Special Ops Command Tells Industry: Invest More Money in R&D

By Eric Beidel
A change in spending priorities at the U.S. Special Operations Command may alter the traditional customer-contractor relationship, a senior official said last week. As more money flows into personnel and procurement accounts, less funding will be available for research and development. The upshot is that SOCOM will increasingly be seeking off-the-shelf equipment and will partner with companies that are interested in investing their own money in new technology.
Of particular interest to SOCOM is advanced communications technology and sensors — specifically small, portable devices that don't weigh troops down. The command's communications division has begun work on a series of cooperative research-and-development agreements that allow the government to give industry access to people, facilities and test ranges — pretty much anything but cash.
“We’ve got as much money as we need ... but we’ve been spending a lot more money buying stuff and a lot less money investing in [research and development]," said SOCOM Communications Systems Deputy Director Anthony “Tony” Davis at a conference hosted by the Northern Virginia chapter of the Armed Forces Communications and Electronics Association.
The communications division recently began a project to develop handheld blue-force tracking devices, for example. “We’re looking for industry to help us do more of that, especially with sensors,” Davis said. “We’ve got missions in triple-canopy jungles and mountains and caves. There are a lot of places where we have a lot of difficulty getting signal to our friendly force tracking devices.”
SOCOM wants to deliver situational awareness to all troops in the field, Davis explained. That means giving each individual access to full-motion video, with the least amount of equipment possible.
“We’re talking with companies to develop radios / censors / video receivers / blue-force tracking - whatever other capabilities we can put into those devices,” Davis said.

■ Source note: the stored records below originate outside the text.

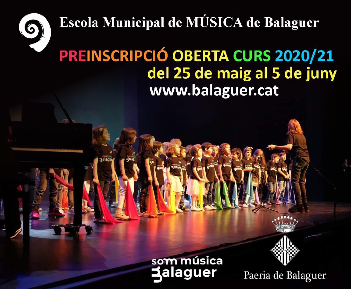 L'Escola Municipal de Música de Balaguer comença aquest dilluns 25 de maig la preinscripció pel curs vinent. Les sol·licituds es poden fer de forma telemàtica a l'oficina virtual de la paeria, on es podrà trobar el formulari de preinscripció.
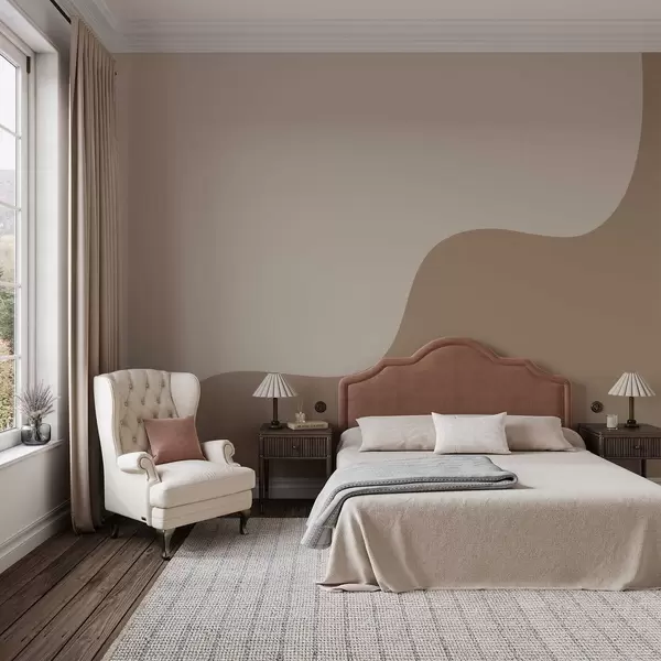 Τοιχογραφίες Απαλά αφηρημένα σχήματα σε ανοιχτούς μπεζ και καφέ τόνους Nr. w05097v2
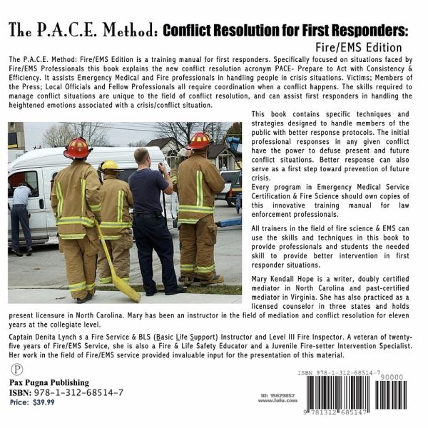 The P.A.C.E. Method: Conflict Resolution for First Responders: Fire/EMS Edition contains specific techniques and strategies designed to handle members of the public with better response protocols. The initial professional responses in any given conflict have the power to defuse present and future conflict situations. Better response can also serve as a step toward prevention of future crisis. Every program in Emergency Medical Service Certification & Fire Science should own copies of this innovative training manual for law enforcement professionals.

Industry leaders listening to that pitch wondered if SOCOM’s required security levels on tactical communication devices would limit what the private sector could do. Most special operations communication tools demand the highest level of encryption, Type 1. This hinders efforts to acquire products, Davis acknowledged, but there are ongoing discussions to find out where a lower-level or commercial-grade encryption could be used without too much risk.
“Obviously, we like our data as secure as we can make it,” he said, “but in some cases we’re willing to trade off some of that security for operational flexibility.”